Mitico Novecento quando Trieste era tutto il mondo

Al Magazzino delle Idee l’arte diventa testimone della stagione più fulgida della città giuliana
Di Virginia Baradel

di Virginia Baradel

C’è stato un tempo in cui l’Europa era un autentico mito moderno che faceva dire a Gino Parin, pittore triestino, “il mondo è là”. Era un orizzonte così ricco e magnetico da indurre Trieste a coltivare, di rimessa, una speciale italianità, combinata ad un moderato spirito cosmopolita. Slapater infatti scriveva, nelle Lettere triestine pubblicate su “La Voce”, di ritenerla affetta da “una svogliatezza tentennante e pigra”, incapace di trasformare in vantaggio il contatto con le altre civiltà: “Dobbiamo combattere la ripugnanza e convincerci che Trieste è italiana in modo diverso dalla altre città italiane”.

Era il 1909. In quegli anni l’arte viaggiava su un crinale tra gli echi delle prime avanguardie, il simbolismo d’oltralpe e il sintetismo bretone: un magnifico melting pot che infervorava gli artisti immersi nel quadro delle metamorfosi dell’arte, affrontato con visite alle esposizioni, viaggi, soggiorni, riviste, scambi e animate discussioni. Trieste era un polo gravido di sintomi e suggestioni, di linee d’approdo e di partenza, legata a Vienna, a Monaco, Budapest, ma anche a Firenze, Venezia e Parigi. Dunque all’oggi, in un momento in cui si scava a fondo nel Novecento in ogni centro della penisola, è quanto mai opportuna e persino esemplare la mostra “Il mondo è là. Arte moderna a Trieste 1910-1941”, allestita al Magazzino delle Idee sino al 31 gennaio, promossa dalla Provincia di Trieste, a cura di Patrizia Fasolato, Enrico Lucchese e Lorenzo Nuovo. Sedici sezioni per raccontare quel che accadde nell’arte triestina in quegli anni, compresa la parte avuta da critici d’arte, mostre e collezioni.

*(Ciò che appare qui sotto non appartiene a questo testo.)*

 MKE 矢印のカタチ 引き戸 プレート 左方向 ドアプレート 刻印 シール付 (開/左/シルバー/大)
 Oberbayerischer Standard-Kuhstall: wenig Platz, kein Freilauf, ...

Apre il percorso un ottimo dipinto borghese: “Conversazione in un interno” di Giuseppe Barison, giusto per dire che sin qui si arriva con l’evoluzionismo ottocentesco, e subito dopo compare l’esultanza cromatica di Ugo Flumiani, la pittura a fiocco e profilo marcato di Piero Marussig, le caricature smaglianti di Carlo Michelstaedter (si, proprio il giovane filosofo che molto amava dipingere) e Vito Timmel a dichiarare la morte avvenuta del naturalismo in ogni sua forma.

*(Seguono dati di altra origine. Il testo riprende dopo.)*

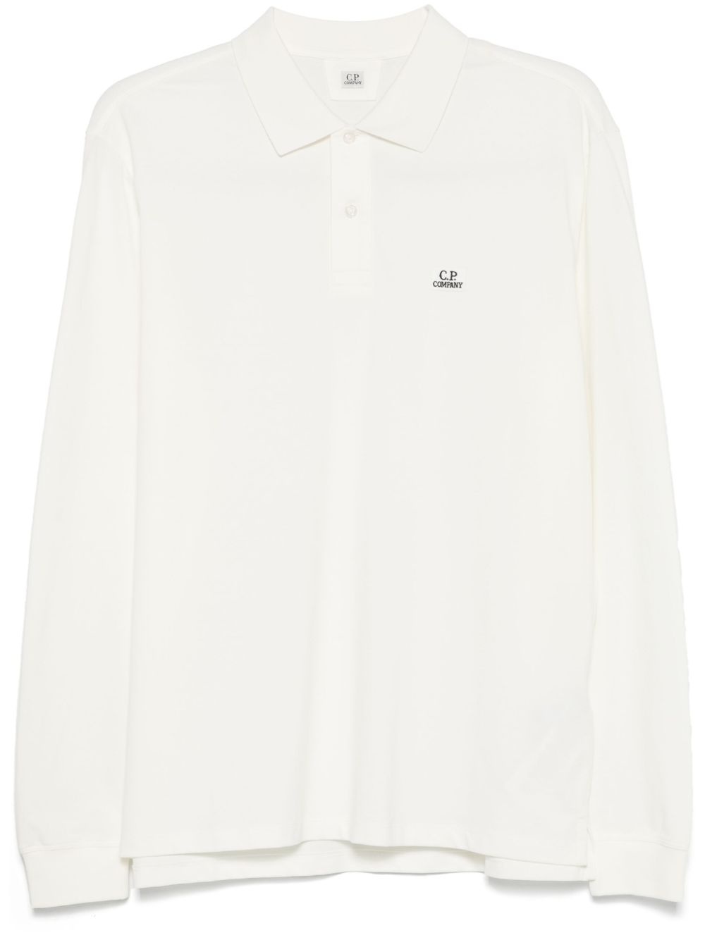 logo-patch polo shirt Highlights - White - Short front button fastening - Ribbed cuffs - Side slits - Long sleeves Imported Composition Cotton 95%, Spandex/Elastane 5%

Il divisionismo mette a confronto due ritratti, Carlo Bolaffio di Vittorio Bolaffio e il Dottor Gopcevich (che era triestino anche se viveva a Padova e il pittore lo ritrasse a Parigi) di Umberto Boccioni; il sintetismo simbolista affianca due magici “notturni” di Piero Lucano e Umberto Moggioli. I critici Benco, De Tuoni, Malabotta, Scheiwiller compaiono ritratti rispettivamente da Arturo Rietti, Enrico Fonda, da un impetuoso Adolfo Levier e una sottile Leonor Fini. Il dopoguerra viaggia tra futurismi e ritorni all’ordine figurativo; in mostra si possono ammirare opere di Augusto Cernigoj e Luigi Spazzapan come di Veno Pillon e di Piero Marussig, quest’ultimo in entrata tra i magnifici sette del Novecento di Margherita Sarfatti. Nella stessa orbita gravitano i filo-fiorentini Soffici, Rosai, Carrà, Funi, Casorati.

Grande sorpresa per i visitatori non specialisti, sono alcune varianti stilistiche del tutto particolari: il surrealismo trasognato di Giorgio Carmelich, il livido e fuso postimpressionismo del “giuliano a Parigi” Enrico Fonda, la silente Nuova oggettività di Veno Pilon e le impressionanti visioni di Arturo Nathan che carica il Realismo magico in senso mistico e simbolista. Non mancano i confronti tra scultori di rango, locali e non, come Attilio Selva, Marcello Mascherini, Ugo Carà, Libero Andreotti e Arturo Martini.

Infine il capitolo “nostalgia” che a Trieste si carica dell’onda lunga del finis austrie e che prende i tratti del “Palombaro” di Sbisà, dell’ “Estuario illuminato dalla luna” di Nathan, dell’ “Autoritratto contro il mare” nel quadro appeso di spalle di Mario Lannes, della “Sirenetta” di Santo Bidoli.